Tear osmolarity, dry eye syndrome, blepharospasm and botulinum neurotoxin.

PURPOSE

To assess the severity of dry eye disease in patients with blepharospasm (BEB) before (control) and after injection of botulinum neurotoxin A (BoNT/A).

DESIGN

Cross-sectional study.

METHODS

Patients with clinically diagnosed BEB and no known history of dry eye syndrome prior to the onset of the disease, before (controls) or after injection with one of the three available types of BoNT/A: onabotulinumtoxinA (Botox®; Allergan, Irvine, CA, USA), abobotulinumtoxinA (Dysport®; Beaufour Ipsen Pharma SAS, Paris, France) or incobotulinumtoxinA (Xeomin®; Merz Pharma GmbH, Frankfurt, Germany) every 3 months. Tear osmolarity and Schirmer's I-test were measured at the first visit for non-treated BEB patients as controls and 3 months after BoNT/A injection.

RESULTS

The study consisted of 101 BEB patients (86 females, 15 males) with a mean age of 67 years (range 30-86 years).

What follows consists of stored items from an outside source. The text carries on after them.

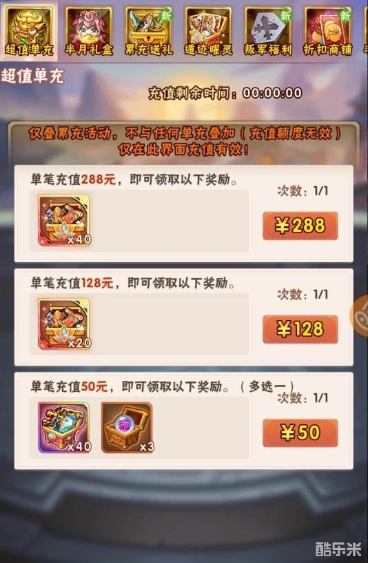 1.超值单充的充值额度计入“限时活动”中累充活动的累计充值额度;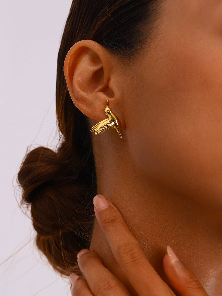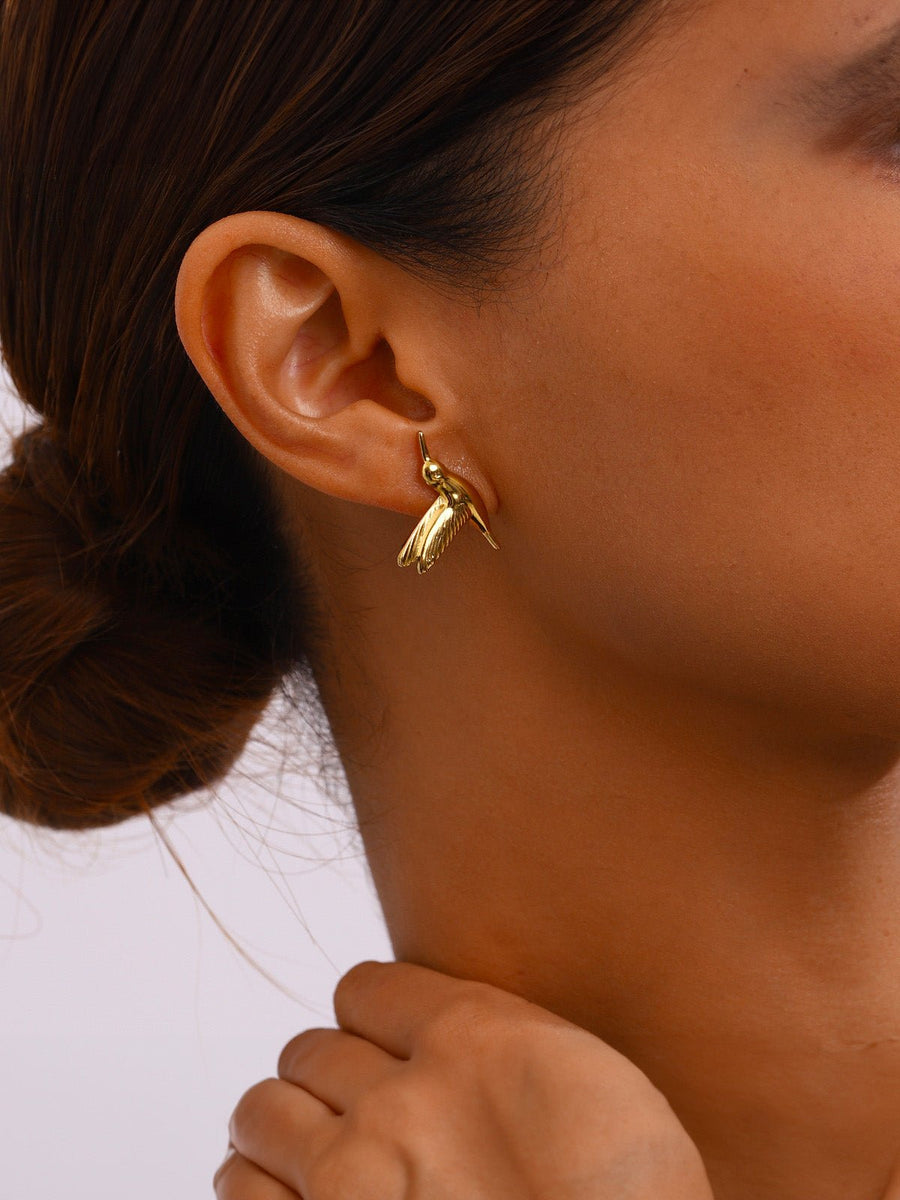Questi orecchini a forma di colibrì dorato catturano la grazia di un uccello in volo. Il loro design scultoreo e audace valorizza il lobo con un effetto sorprendente, pur restando leggeri e piacevoli da indossare.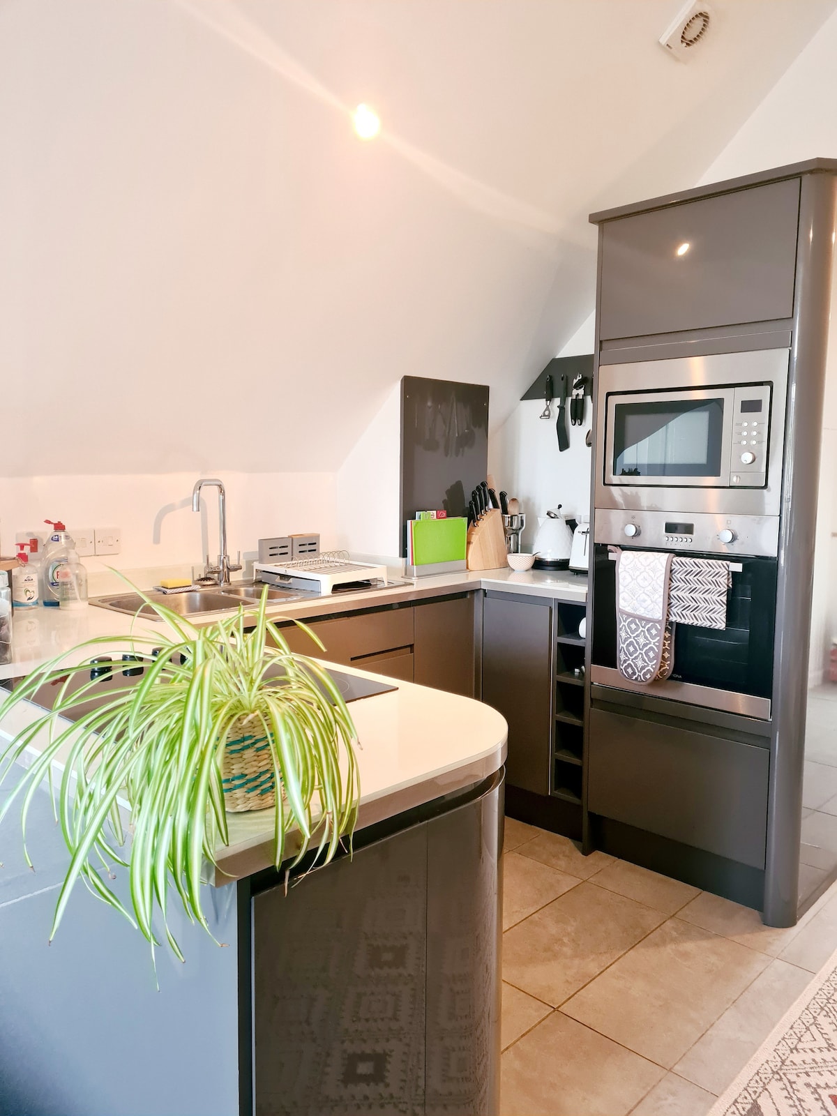 Một căn hộ penthouse một giường hiện đại trong vòng 5 phút đi bộ đến làng Bia và Bãi biển Bia. Tận hưởng khung cảnh nông thôn tuyệt đẹp từ ban công.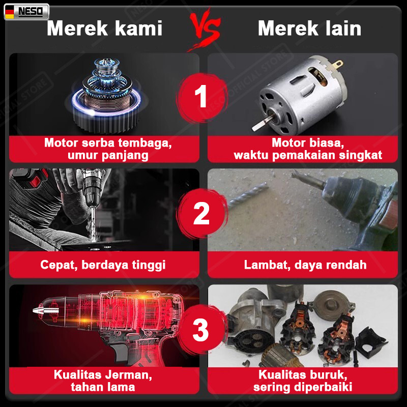 NESO JERMAN 3in1 Mesin Bor Listrik Bor Baterai Bor Listrik Bor Tanpa kabel Mesin Cordless Screwdriver Murah Elektrik Dri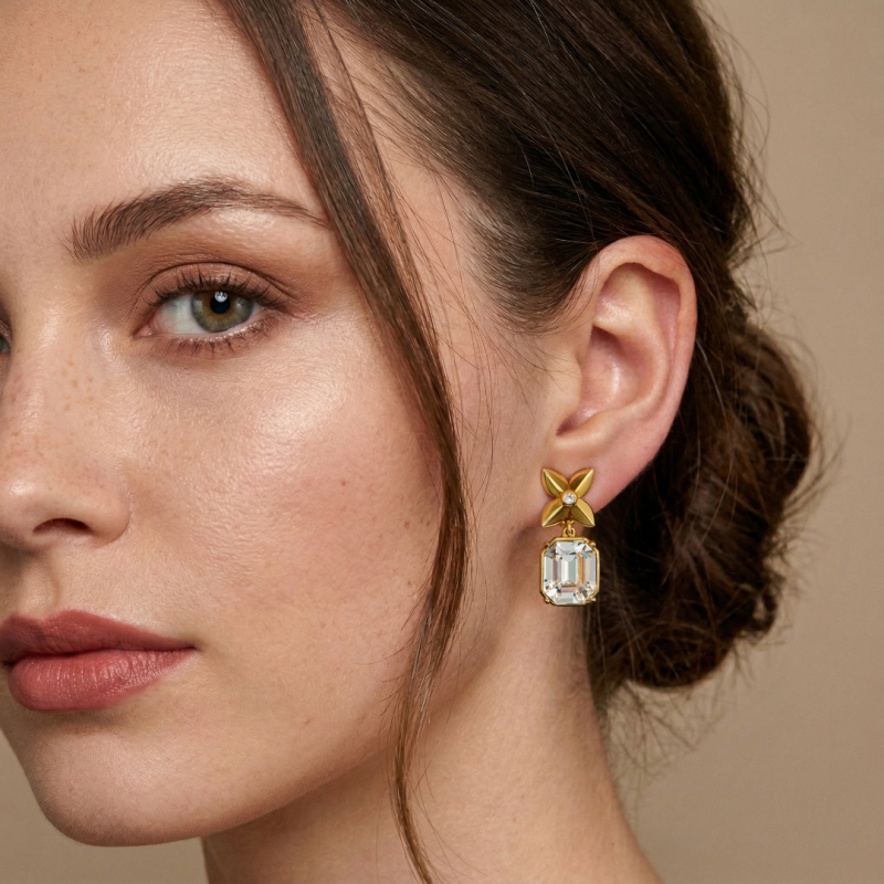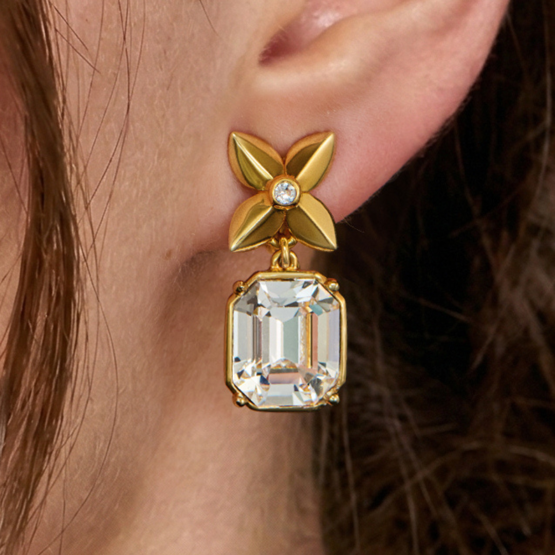 Traveller Ohrclips Hängend – Vergoldet – Kristalle – Achteckig – 27 x 12 mm – Blume

Seventeen patients were untreated, 26 treated with onabotulinumtoxinA, 23 treated with abobotulinumtoxinA and 35 treated with incobotulinumtoxinA. Post-injection mean tear osmolarity was not significantly higher among patients treated with onabotulinumtoxinA, abobotulinumtoxinA, or incobotulinumtoxinA (P=0.65, P=0.92, and P=0.15, respectively), compared to controls, remaining less than 308 mosm/mL. Mean Schirmer's I-test results remained under 5mm and did not vary between the four groups.

CONCLUSIONS

The results clearly demonstrate that reduced tear secretion appears to be present in BEB patients even prior to treatment. This decreased lacrimal secretion was not correlated with hyperosmolarity. Clinicians should proactively treat dry eye syndrome in conjunction with management of the blepharospasm.